Tanya Wideman-Davis is in the center of the stage inside a tight circle of half a dozen dancers. I know that, according to the program, Corinne Larsen Haas is the Chosen One, so why isn't she in the circle? No cast change has been announced. I realize I have missed how the Chosen One is selected when I see Haas standing alone on stage. In the final sacrificial dance, Haas spends a lot of time barely doing anything, even as the music demands that she dance herself past human endurance.

Despite these shortcomings, there are some very exciting moments and King has utilized the space of the stage to much better advantage than he usually does; lines curve around to fill in the corners and circles, sweeping up dancers and carrying them onward.

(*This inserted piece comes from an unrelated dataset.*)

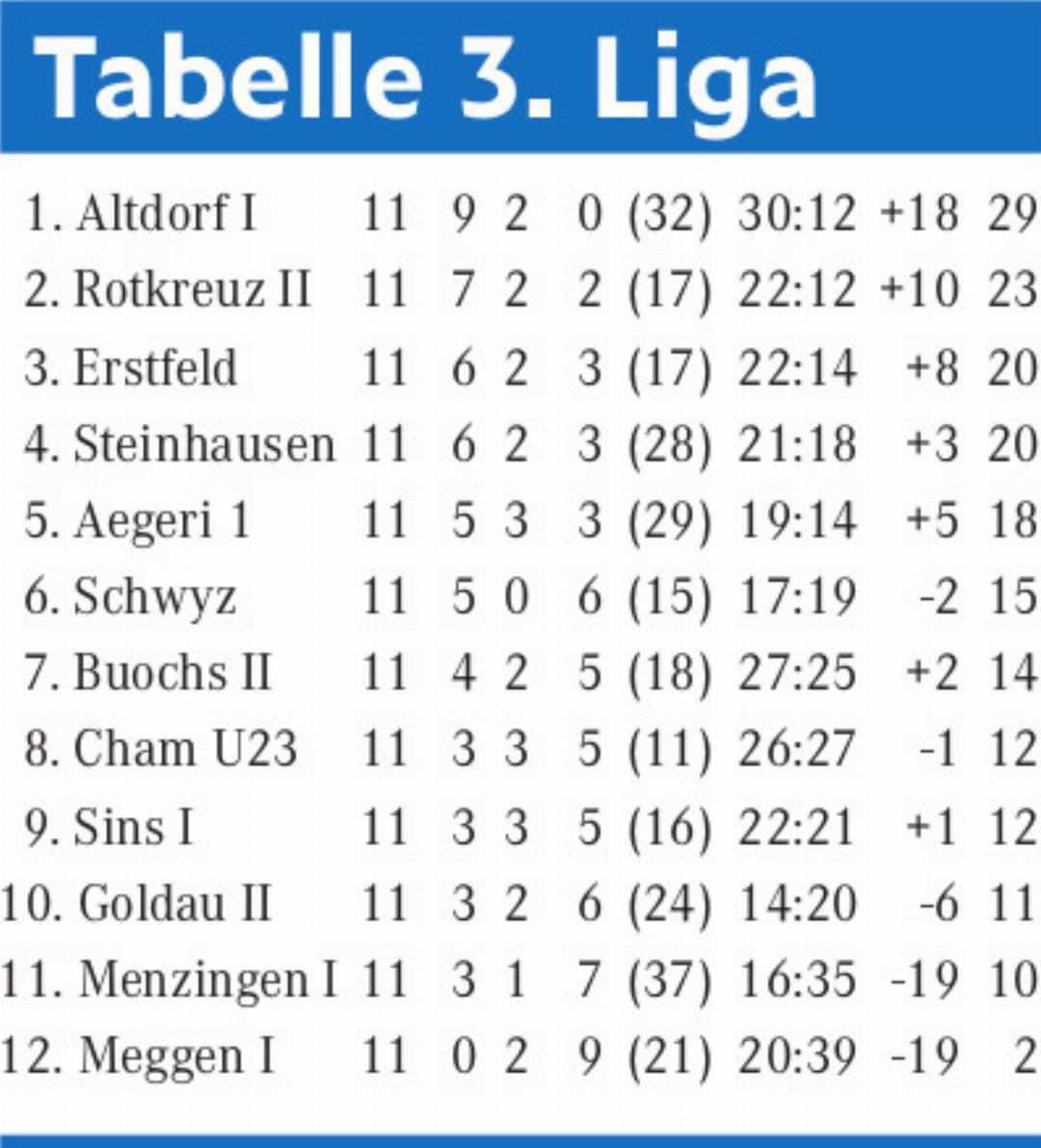 Minute Pech, als Yanick Kreienbühl nur die Latte traf. Besser machte es zehn Minuten später Sven Niederberger, welcher den FC Sins mit einem trockenen Schuss 0:1 in Führung brachte. Nicolas Schetty hatte nur wenige Minuten danach die grosse Chance, die Führung auszubauen. Er scheiterte jedoch allein vor Torhüter Vinzens. Die kalte Dusche für die Sinser folgte in der 76. Minute. Aus einem Freistoss erzielte Sidler per Kopfball den für das Heimteam eher schmeichelhaften Ausgleich. Es war wiederum der erste richtige Abschluss des FC Rotkreuz in der zweiten Halbzeit. In der Schlussviertelstunde suchten nun endlich beide Mannschaften die Entscheidung. Es blieb aber bis zum Schluss beim für den FC Sins eher enttäuschenden 1:1. Trotzdem nimmt man diesen Punkt gerne mit nach Hause. Der Gegner war immerhin der zweitplatzierte FC Rotkreuz. Das junge Sinser Team bleibt nach der Vorrunde auf dem 9. Tabellenrang mit zwölf Punkten.

Also on the program is "The Patience of Aridity, Waiting for Petrichor," another aptly named ballet, but it only becomes apparent after a trip to the dictionary. Petrichor is the pleasant smell that accompanies the first rain after a dry spell. The first twelve sections are mostly duets and solos to music by Miguel Frasconi. The simple haunting cello melody is quite moving at first, but gradually the sameness, like water on stone, wears on my patience. In the opening pas de deux, John Michael Schert partners a very expressive Kerr, who shifts rapidly between tenderness toward Schert and pushing him away. Brett Conway also stands out in his solo. The thirteenth and last section, a pas de deux to an excerpt from Edgar Meyer's "Violin Concerto," danced by Keen and Schert, stands in complete opposition to the opening one. The steps are far more classical and there is greater harmony between the two dancers. Martin Gagnon's lighting is exquisite for this piece and all the other ones on the program.

The pas de deux "Coleman Hawkins" is inspired by the great tenor saxophonist. With such jazzy music Chiharu Shibata and Prince Credell should turn up the thermostat and let us share in the ensuing sauna.

"Baker Fix" is a bubbly, witty and sexy piece to three songs sung by Josephine Baker. Dressed in a fringed red gown by Colleen Quen Couture, Kerr sashays and struts her way across stage in 'Haiti.' To an excerpt from 'Toc Toc Partout,' Lauren Porter Worth triggers me into a false memory syndrome episode where I imagine I am seeing what Miss Baker actually looked like. A feathery concoction with ropes of pearls by Robert Rosenwasser confirms the illusion. Worth spins out a mix of Charleston and King's own intricate steps with a toss of her head and a sly smile. Kerr comes back to 'J'attends Votre Retour' in a bouffant dress, black background splashed with colorful butterflies. Before long a lone pearly white two-foot-in-diameter ball rolls out from the wings. She holds it, perches on top of it, kicks and throws it until suddenly the whole stage is filled with balls of various sizes and pale iridescent colors.

After reading up a bit on Baker, I am amazed to learn she was more than just an entertainer, but was involved with the French Resistance during World War II and later was an activist for civil rights. Someone of her stature warrants a much longer homage, maybe even an evening-length ballet to pay tribute to all her many facets.